There are three types of clients that approach us. Or rather there are three things that they ask us for in terms of brand advertising. The first are those with an existing brand who need some fresh thinking. The second are those with a brand in need of a refresh because it has got a bit outdated. The last are those who want something completely new. It is the third of these that is the most terrifying. Exciting but terrifying. Often these come with the brief of “can you do us an Artemis?” One even asked us to “go crazy”. We always start these conversations by explaining that Artemis was built on a brave buy to begin with, cemented with unwavering commitment. Invariably the response we get is a confident one that they have both those prerequisites in spades. And so we embark, but often to discover that this isn’t really the case. To be clear that’s ok, our ideas can be quite lateral; they’re designed to be. They break the sector norms and that, at first, is not a comfortable place to be.

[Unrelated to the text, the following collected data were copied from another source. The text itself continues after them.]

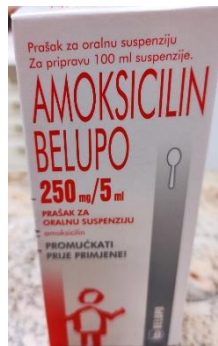
Slika 1. Amoksicilin prašak za oralnu suspenziju

Doziranje za odrasle i adolescente težine >40 kg : 250-500 mg svakih 8 sati
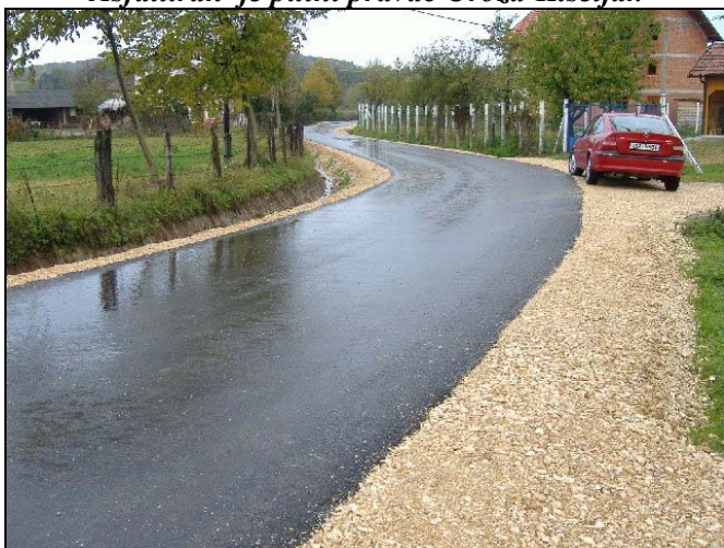
Centar Špionice je dobio novi asfaltirani put
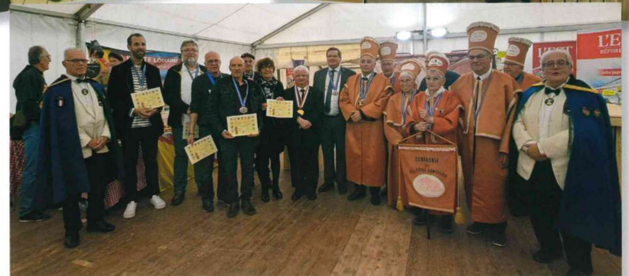
Sept nouveaux impétrants dans la Confrérie des Rillettes Comtoises fumées, dont Monsieur Michel VILBOIS, préfet de Haute-Saône.
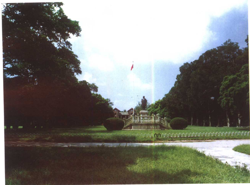
中山大學廣州校區中心區一景
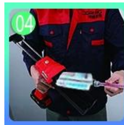
04 Atornille la boquilla, colóquela en la pistola de lechada.
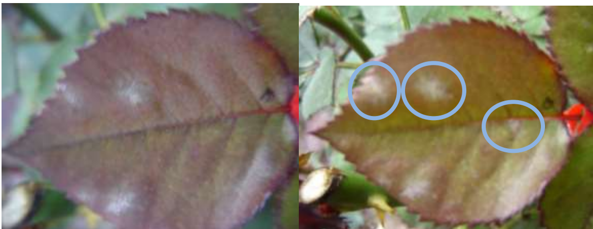
TESTIGO SIN APLICAR. Se observa incremento de la enfermedad. 3 DDA

Elaborado por: Departamento Técnico ADAMA Fecha de actualización: 15-12-2014 (EQ).
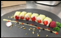
077A. HOSO SOYA FRAGOLA foglia sola, riso, fragola
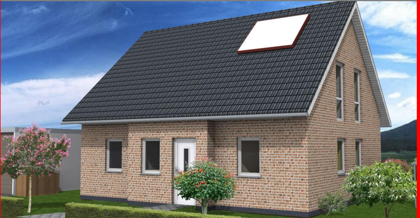
Easy Line M
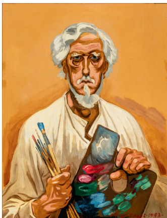
Selvportræt på 80-årsdagen, 1943
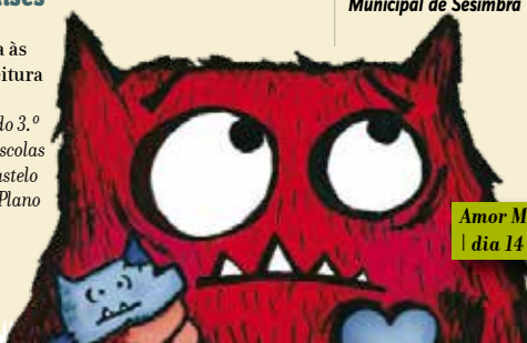
Amor Monstro | dia 14

Sala do Conto, Biblioteca Municipal de Sesimbra
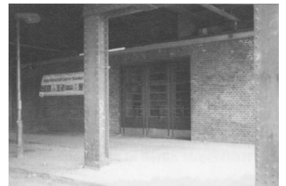
Juli 2002
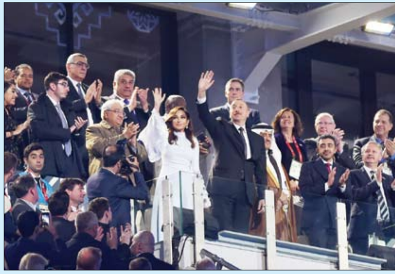
وخلال حضورهما حفل إختتام دورة ألعاب التضامن الإسلامي
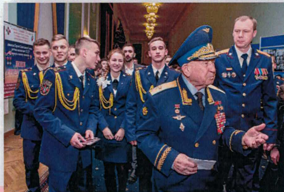
А.А. Леонов на встрече с кадетами

Полет состоялся 15 июля 1975 года — первопроходцами были советский корабль «Союз-19» и американский корабль «Аполлон». Нил Армстронг – первый человек, ступивший на Луну, первый космический турист Дэннис Тито.
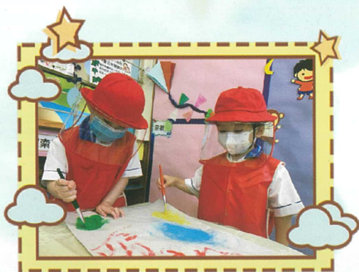
我們在自由畫大筆畫呢！

This is a truism of our sector so why bring it up now? Because every once in a while, you get a client that follows through and gets some exciting work in return. We have just had that moment; there is work to do before the launch later in the year but it’s looking like something that no other brand could or would do. Ironically it comes almost exactly a year after a less fruitful experience. We were approached by a client and asked to produce ‘an Artemis’. We developed an idea that they liked and were well into developing it when they got cold feet. Despite best efforts it just couldn’t be made to work. Frustrating on both sides, but a client with an interesting story perhaps missed an opportunity to really stand out from the crowd.

Skip ahead a year (oh what a year) and we are approached by another business, again with an interesting product offer, and again with an initial creative ambition. This time the big idea was truly ‘bought’, we are in production and couldn’t be more excited about the launch. And for me it did something else. I have spent the last year second guessing and beating myself up about the one that got away, often lying awake wondering; did we do a bad job, could we have done something better, should we have listened more or was it a “I’m sorry it’s not me – it’s you” scenario (picking the last of which was the easiest way to get a good night’s sleep)? Now I can see it more clearly. We didn’t do anything wrong and neither did they. We just both had different views of what a big idea is. If we had changed to fit their view we would have been deluding ourselves and if they had changed to fit ours they would have been too far out of their comfort zone. Either way it wouldn’t have lasted, it just wasn’t meant to be. And that’s ok.